Defendant also contends that the evidence was legally insufficient to establish the charges of endangering the welfare of a child as to victims B and C because they were not present during his alleged sexual intercourse with victim A and, therefore, could not have been injured by it. While this specific issue of the sufficiency of the evidence of the likelihood of injury was not properly preserved at trial, we will necessarily consider it in reviewing the weight of the evidence adduced in support of this element of the crime (see People v Loomis, 56 AD3d 1046, 1046-1047 ; People v Echavarria, 53 AD3d 859, 861 , lv denied 11 NY3d 832 ). For a defendant to be convicted of endangering the welfare of a child, he or she must be found to have "knowingly act[ed] in a manner likely to be injurious to the physical, mental or moral welfare of a child less than  years old" (Penal Law § 260.10 ; see People v Johnson, 95 NY2d 368, 372 ; People v Bray, 46 AD3d 1232, 1234 ). Here, there was evidence that the bedroom where defendant engaged in sexual intercourse with victim A was the center of activity for the teenagers at the party because the alcoholic beverages were kept there. There was also evidence that victims B and C were just outside the bedroom and could have overheard defendant's activities or entered the room at any time. Inasmuch as defendant was aware of these facts, and he does not dispute that his conduct with victim A could harm victims B and C if it were known or observed by them, the jurors, drawing upon their common sense and experience, could reasonably conclude that he committed the crime of endangering their welfare.
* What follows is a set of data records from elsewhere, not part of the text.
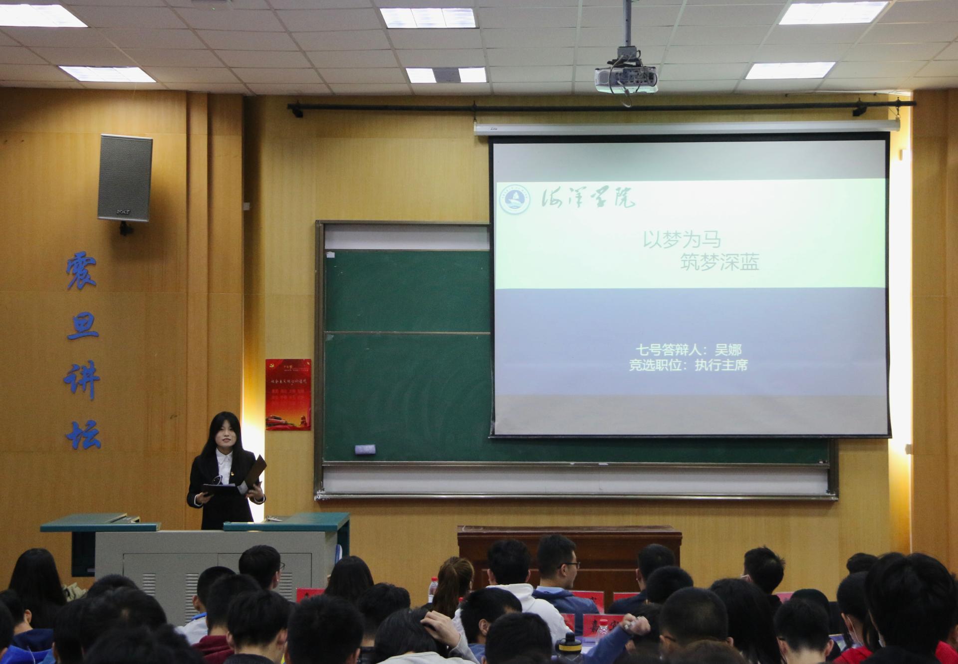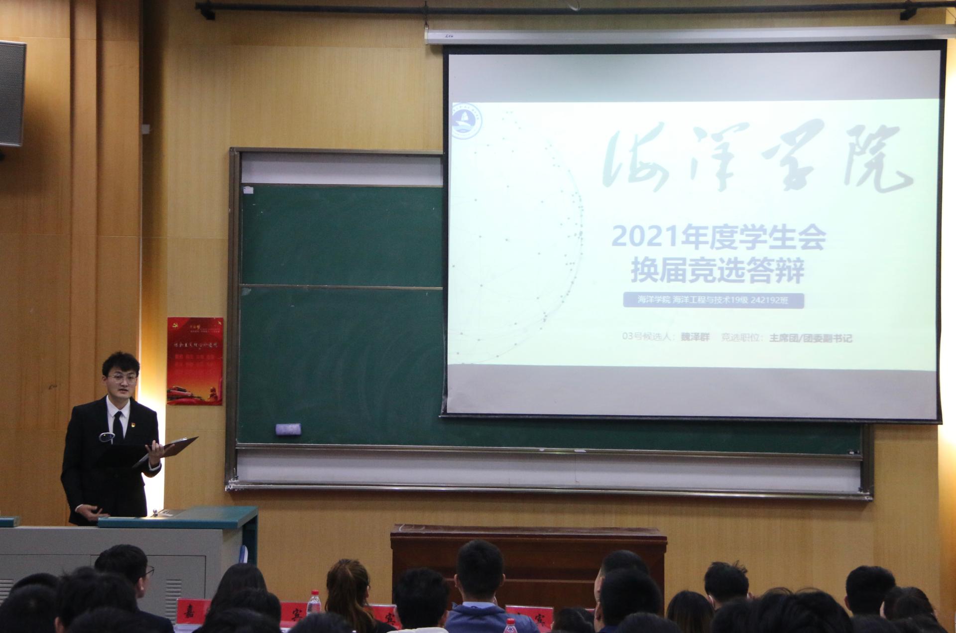 学生会执行主席郭航成向大会作题为《学习新思想,奋发新作为,改革再出发》的工作报告。报告从“着力思想引领,建设奋进海洋”、“弘扬严谨学风,搭建智慧海洋”、“立足青年成长,凸显活力海洋”、“展现学科特色,彰显卓越海洋”四个方面系统地回顾了第四次学生代表大会以来学生会的工作情况。报告指出2020-2021学年是Av影片
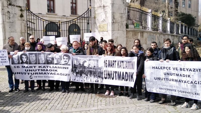 Üniversite öğrencileri ve 78’liler Girişimi, 16 Mart Beyazıt katliamının yıldönümü dolayısıyla İstanbul Üniversitesi Eczacılık Fakültesi önünde anma gerçekleştirdi. Saygı duruşu ile başlayan anmada ’78’liler Girişimi adına Hüseyin Soylu konuşma yaptı. Soylu, koronavirüs salgınına değinilerek katliamda yaşananları anlattı. Soylu, gerici diktatörlere karşı antiemperyalist bir mücadele verildiğini ve devletin katliamcı yönünü vurguladı. [Devamını Oku…]
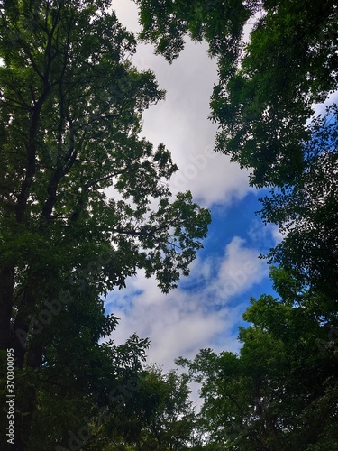 © KissCat, Obraz premium Tree tops on a cloudy sky background
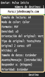 Las opciones registradas pueden visualizarse cuando sea necesario, por lo que no se necesitarán procedimientos complicados (por ejemplo, configurar el tipo de documento, especificar PDF compacto como formato de archivo y enviar el archivo a todo el personal interno) cada vez. También podrá asignar combinaciones de opciones registradas a un botón de acceso directo mostrado en la pantalla Inicio.
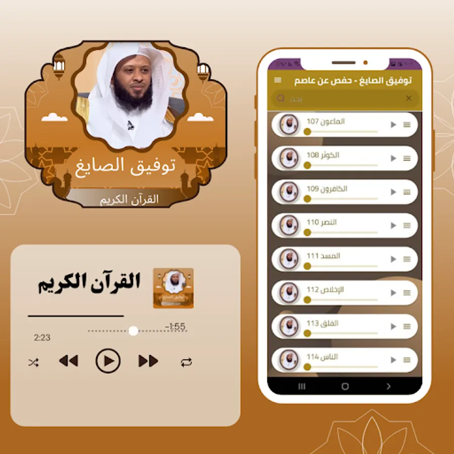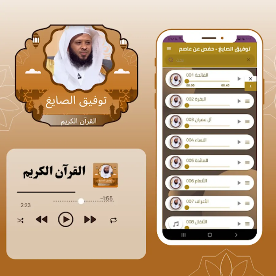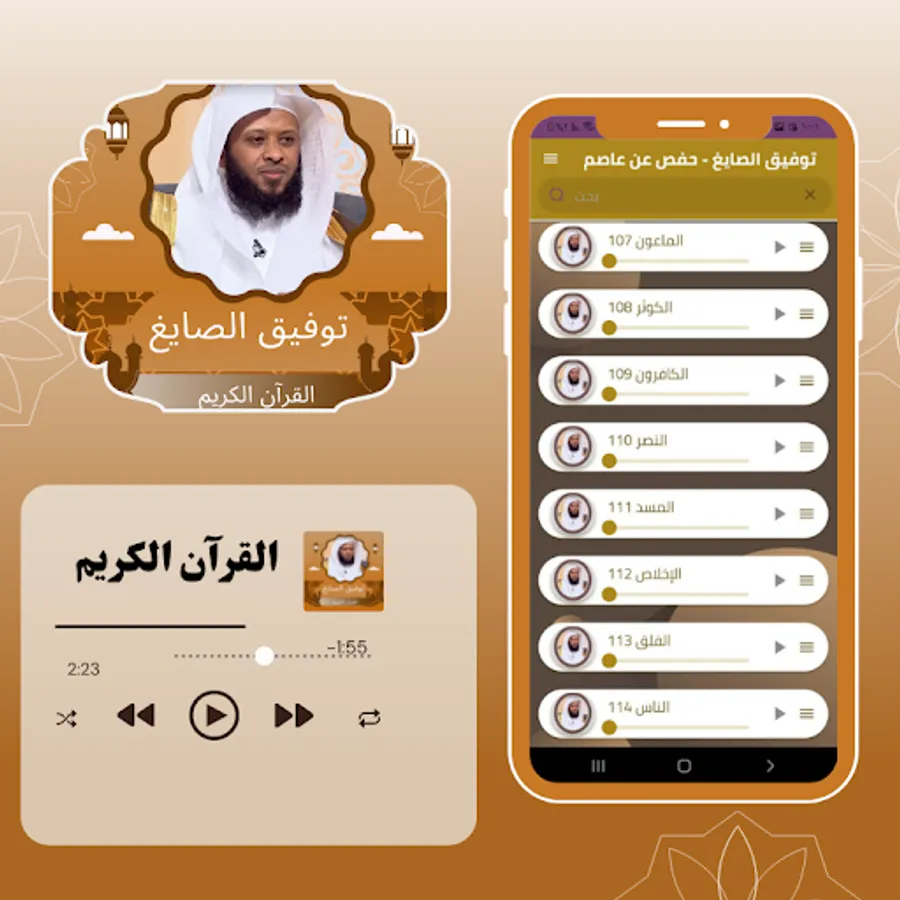 Do not hesitate and download the application now and listen to the most beautiful voices and recitations of the Holy Quran with the application of Sheikh Tawfiq Al-Sayegh.
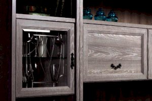 Фасады: МДФ, зеркало с фацетом, прозрачное стекло с фацетом и гравировкой; декоративные вставки с фигурной фрезеровкой: МДФ в пленке ПВХ с эффектом патины
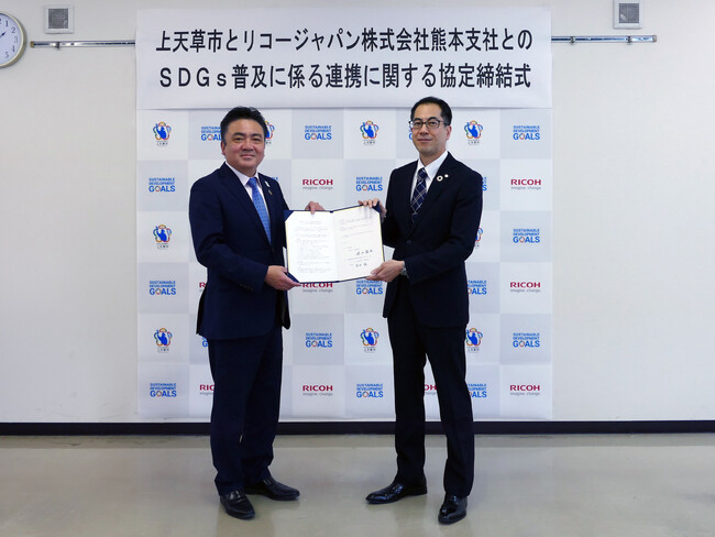 リコージャパン株式会社 熊本支社(支社長:前田 慎)は、熊本県上天草市(市長:堀江 隆臣)と熊本県内では初となる「SDGs普及に係る連携に関する協定」を5月11日に締結しました。
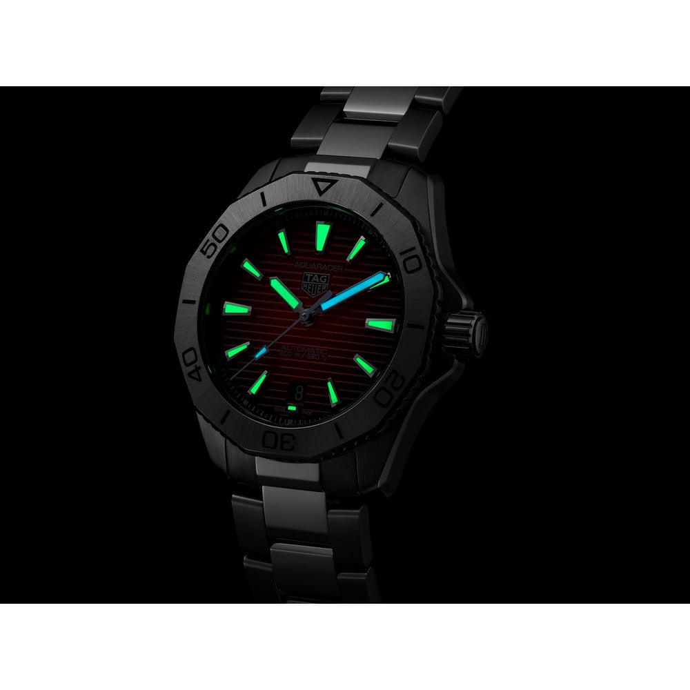Tanto versatile quanto elegante, il TAG Heuer Aquaracer infonderà al tuo look una dose di adrenalina. Combinazione di un vistoso quadrante rosso rubino che trasmette i colori vivaci dell'autunno con una funzionale cassa da 40 mm e un bracciale in acciaio, è pensato per andare sempre più lontano, con il massimo stile.
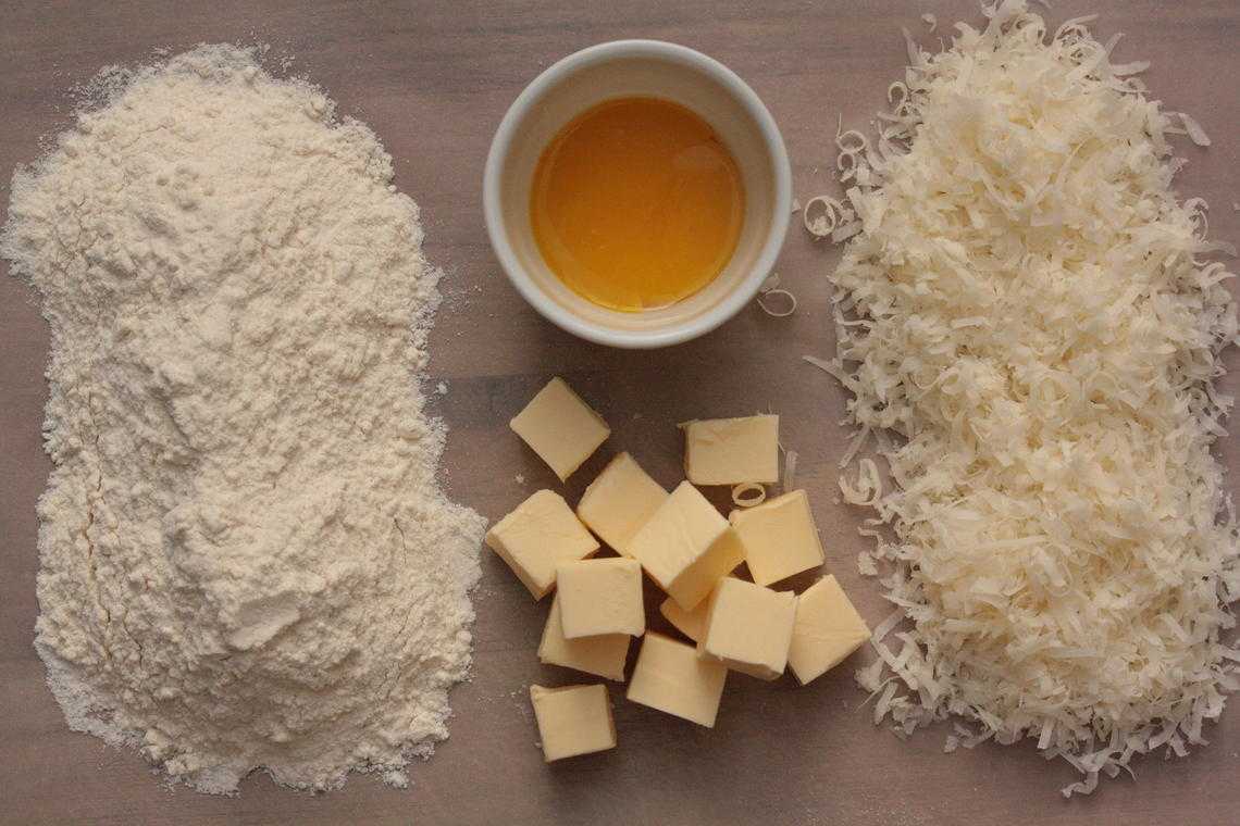 - Zutaten für den Teig vermischen und verkneten, auf einer bemehlten Fläche mit dem Nudelholz ca. 1 cm dick ausrollen und entweder Kreise ausstehen oder Stangen schneiden, wie ihr Lust habt.

Next, defendant's right to confront witnesses was not unduly curtailed by County Court's refusal to apply the interest of justice exception to the Rape Shield Law (see CPL 60.42 ). Inasmuch as victim A's consent was not an issue with respect to the rape charge of which defendant was convicted (see Penal Law § 130.30 ), the connection between her promiscuity and the credibility of her claim that sexual intercourse occurred is so tenuous and illogical that such evidence would have been irrelevant (see People v Segarra, 46 AD3d 363, 364 , lv denied 10 NY3d 816 ; People v Mann, 41 AD3d 977, 979 , lv denied 9 NY3d 924 ; People v White, 261 AD2d 653, 655-656 , lv denied 93 NY2d 1029 ). Defendant further argues that he could have used victim A's sexual activity with the party's 16-year-old host to impeach victim C's testimony that defendant's sexual conduct was the reason victim A was crying after being alone with him in the bedroom. The limited value of such evidence in impeaching victim C's testimony as to a collateral matter, however, was outweighed by victim A's statutory right to confidentiality and the prejudicial impact it could have on the jury's consideration of the charges (see People v Mann, 41 AD3d at 978; People v Nunez, 9 AD3d 471, 472 , lv denied 4 NY3d 766 ; People v White, 261 AD2d at 656).
Finally, contrary to defendant's contention, the child endangerment charge with respect to victim A was not a lesser included offense of rape in the second degree (see People v Beauharnois, 64 AD3d 996, 1001 ; People v Berlin, 39 AD3d 351, 354 , lv denied 9 NY3d 840 ).
Peters, J.P., Spain, Kane and Stein, JJ., concur.
ORDERED that the judgment is affirmed.